I want to write about two sublime examples of human beings at the peak of their abilities – individually and collectively. They know why they are doing what they do, pour joy and passion into how they do it, and attract undying and enduring loyalty from their devotees as a result.

They are at the pinnacle of human achievement, never failing to enthral us each time they perform. The secret to their success is the insight that organising (of any kind) is a performance art and that risk is an integral part of that… 

Then I want to pose the question: How can our business and government organisations be more like that – where dedicated allegiance to a higher purpose, liberated by mutual respect, trust and precision, takes us beyond what we thought humanly possible into an amplifying spiral of abundant value?

Mozart’s gift was to write music that is perfection in its simplicity – astonishing at the level of craft, yet embracing a certain inevitability in its surface unfolding. Take any piece by this composer and listen to it performed by the Australian Chamber Orchestra – one of the most critically acclaimed ensembles in the world. In each intricate sound architecture there is not one note too many, nor one too few. Change a harmony and the work will be diminished. Displace a single phrase and the whole structure may fall. Yet the true genius of the man, if contemporary accounts hold credence, is that he wrote down such exquisite music as if it were already complete in his head. In effect Mozart composed the entire architecture of sound events, dynamics and relationships prior to committing it to paper. 

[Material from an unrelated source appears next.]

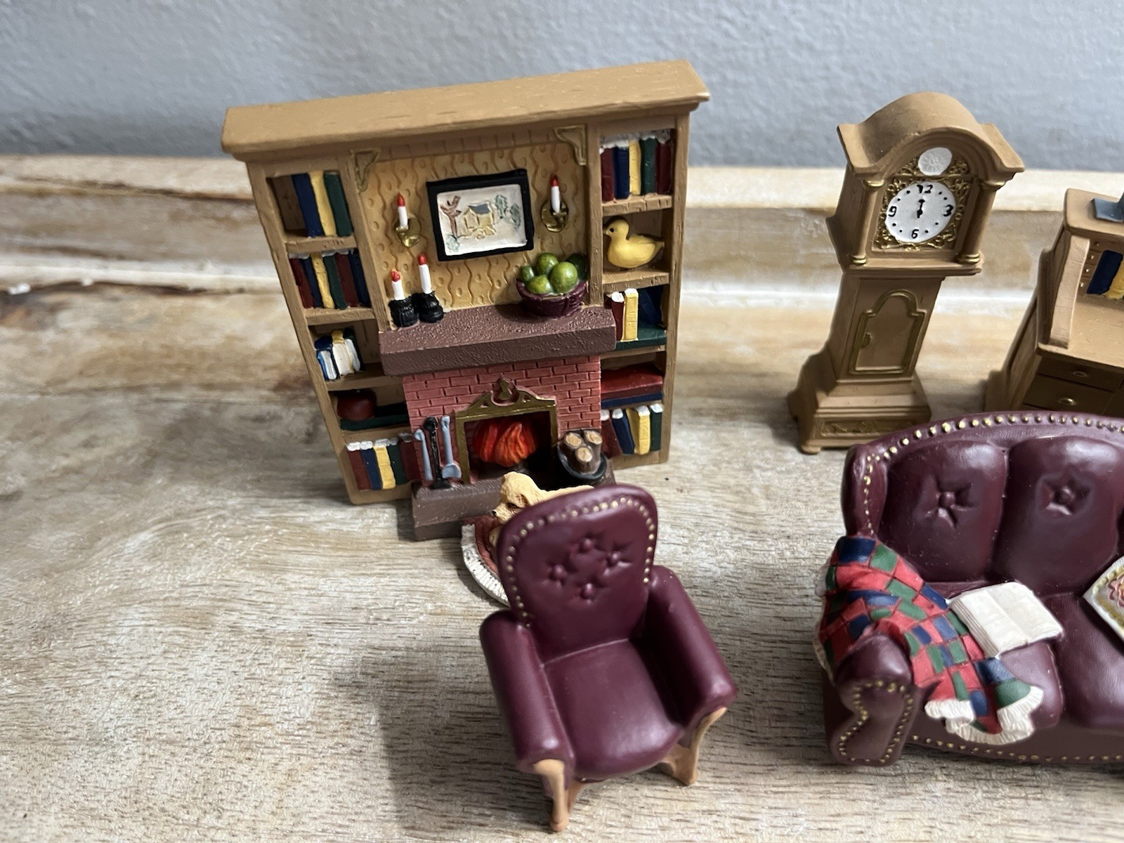 Set Includes: Desk, Desk Chair, Couch, 2 Chairs, Bookcase, Grandfather Clock
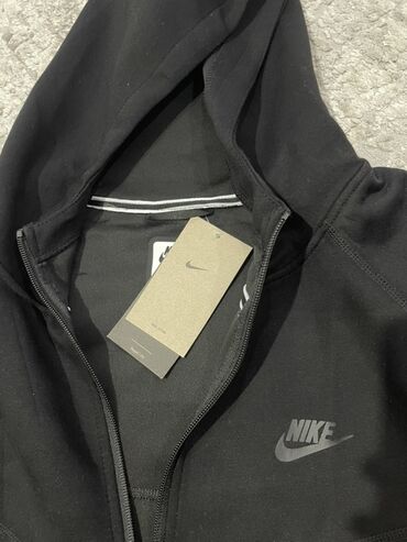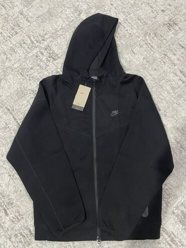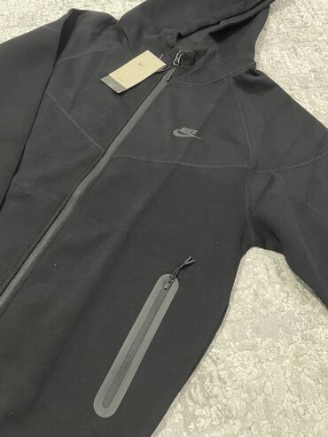 Черная Nike Tech Fleece молнией по всей длине и капюшоном.

What is even more extraordinary, from an organisational perspective, is that the tiniest and most subtle alterations in expression, including spontaneous nuances of tuning, timbre, tempo and dynamics, can be accommodated within the score, allowing Richard Tognetti and his players in the Australian Chamber Orchestra, to add their own vitality to the music with no loss of authenticity. We still hear it as Mozart. This is an astonishing example of creative synergy at work in spite of a 300 year gap between invention and realisation. 

A Mercedes Formula 1 racing car is similarly engineered for perfection. Using sophisticated computer modelling, carbon composites and instant recalibration, each car is fabricated to be as fast and as agile as possible, within an established set of rules from which the team must not deviate, in pursuit of a ruthlessly self-evident goal. 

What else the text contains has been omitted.